→ WHAT THE TASK REQUIRES:
If pictures appear, leave them out, and return exactly the lines from the one holding "ما وهب أبوك" through the last line of the listing below.

→ SUPPLIED ENTRIES:
----
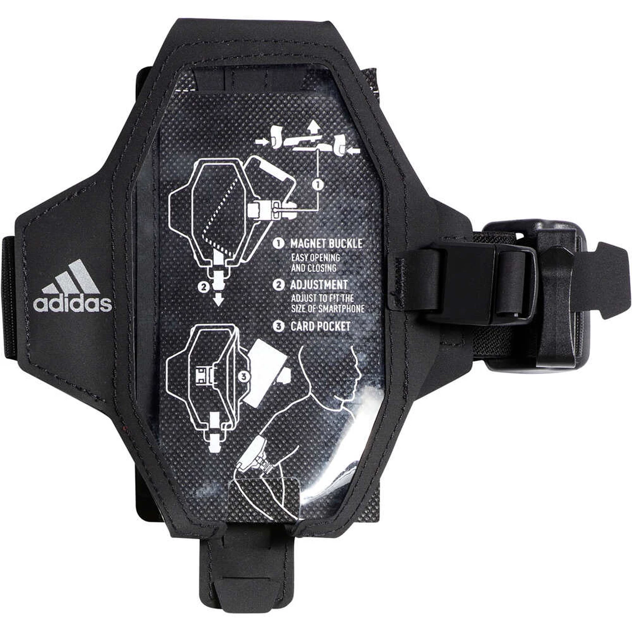 Sangle réglable pour le bras Adidas Run. Panneau transparent pour voir l’écran mobile. Sangles horizontales et verticales pour tenir le téléphone. Détails réfléchissants. Dimensions : 17 x 14,5 cm.
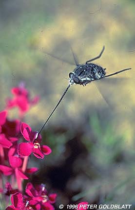 | Figure 3B. Prosoeca sp. nov. inserting its proboscis into the perianth tube of L. oreogena. |
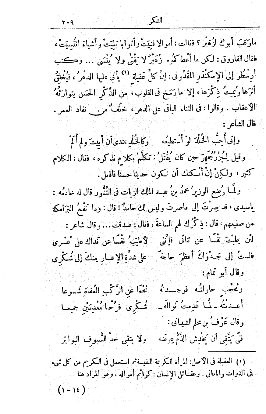 ما وهب أبوك لزُهير؟ فقالت: أموالاً فَنِيَت وأثواباً بَلِيَت وأشياءَ انْتُسِيَت، فقال الفاروق: لكن ما أعطاكموه زهيرٌ لا يفنى ولا يُنسى. . . وكتب أرسطو إلى الإسكندر المقدوني: إنّ كلّ عقيلةٍ يأتي عليها الدَّهرُ، فيُخلق أثرَها ويُميت ذكرَها، إلا ما رسخ في القلوب، من الذكرِ الحسنِ يتوارثه الأعقابُ. وقالوا: في الثناء الباقي على الدهر، خَلَفٌ من نفاد العمر.
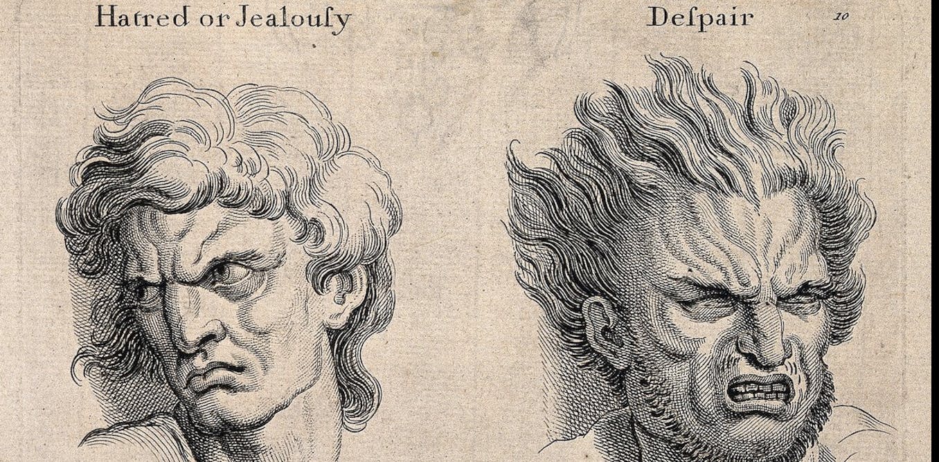Expressions faciales représentant la haine, la jalousie et le désespoir (gravure datées de 1760 environ).
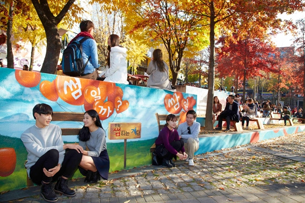 썸타는 계단은 이대역 2번 출구 앞 대현 공원에 있다. 이곳의 벽화들은 실제 젊은이들의 썸과 관련된 사연들을 수집하여 그림으로 재미있게 그려냈다. 이런 벽화들을 보면서 걸으면 시간 가는 줄도 모를 것이다. 또한, 군데군데 사진 찍기 좋은 벽화들도 많다. 연인과 함께 예쁜 사진을 남기기에도 좋은 곳이다.
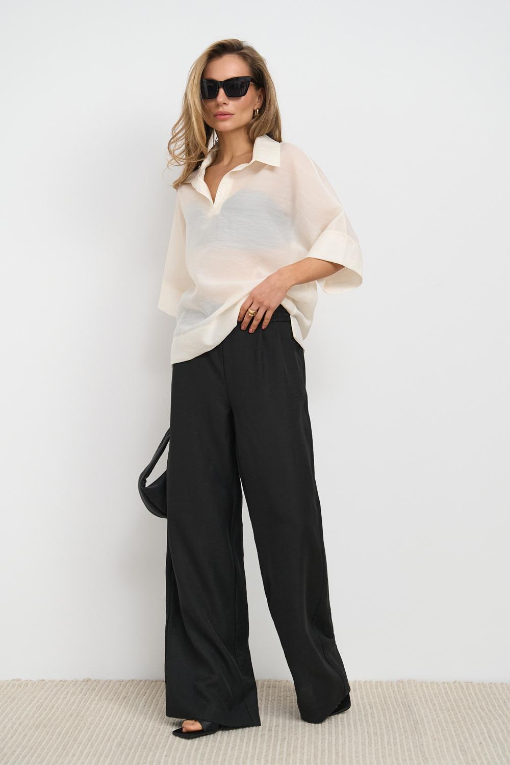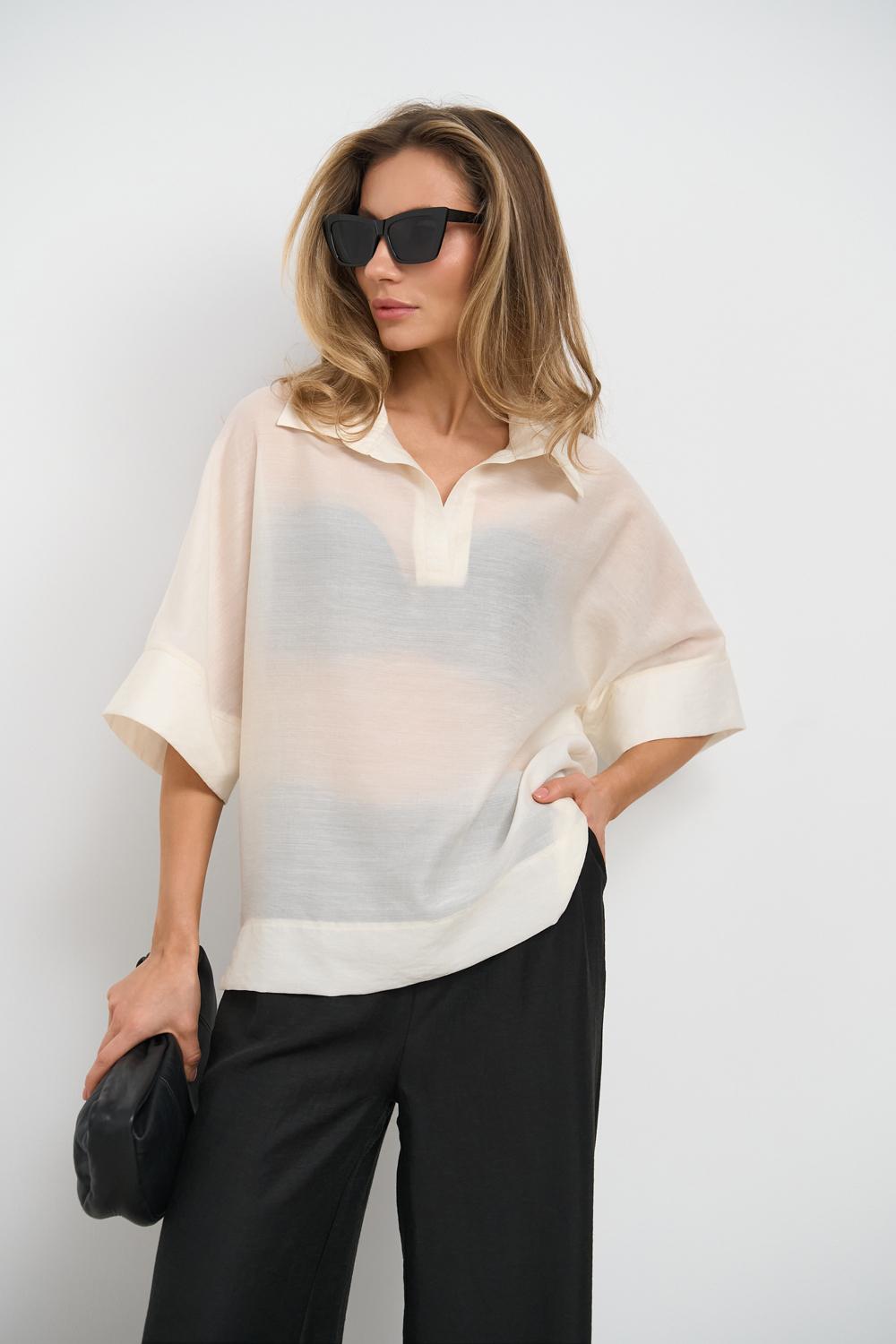 Semi-sheer polo shirt made of natural tencel fabric — breathable, weightless, and soft to the touch. Designed for warm days, this piece ensures comfort and a polished look.
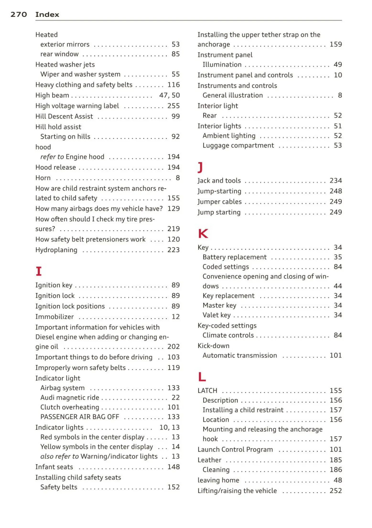 Jumper cables . . . . . . . . . . .. . . . . . . . . . . 249
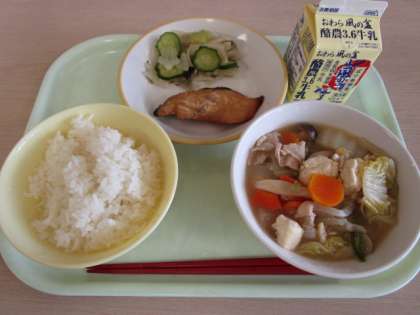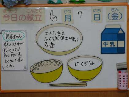 今日の献立は、ごはん、牛乳、ふくらぎの西京焼き、昆布和え、肉豆腐です。
----
→ WORKED SOLUTION:
 ما وهب أبوك لزُهير؟ فقالت: أموالاً فَنِيَت وأثواباً بَلِيَت وأشياءَ انْتُسِيَت، فقال الفاروق: لكن ما أعطاكموه زهيرٌ لا يفنى ولا يُنسى. . . وكتب أرسطو إلى الإسكندر المقدوني: إنّ كلّ عقيلةٍ يأتي عليها الدَّهرُ، فيُخلق أثرَها ويُميت ذكرَها، إلا ما رسخ في القلوب، من الذكرِ الحسنِ يتوارثه الأعقابُ. وقالوا: في الثناء الباقي على الدهر، خَلَفٌ من نفاد العمر.
Expressions faciales représentant la haine, la jalousie et le désespoir (gravure datées de 1760 environ).
 썸타는 계단은 이대역 2번 출구 앞 대현 공원에 있다. 이곳의 벽화들은 실제 젊은이들의 썸과 관련된 사연들을 수집하여 그림으로 재미있게 그려냈다. 이런 벽화들을 보면서 걸으면 시간 가는 줄도 모를 것이다. 또한, 군데군데 사진 찍기 좋은 벽화들도 많다. 연인과 함께 예쁜 사진을 남기기에도 좋은 곳이다.
 Semi-sheer polo shirt made of natural tencel fabric — breathable, weightless, and soft to the touch. Designed for warm days, this piece ensures comfort and a polished look.
 Jumper cables . . . . . . . . . . .. . . . . . . . . . . 249
 今日の献立は、ごはん、牛乳、ふくらぎの西京焼き、昆布和え、肉豆腐です。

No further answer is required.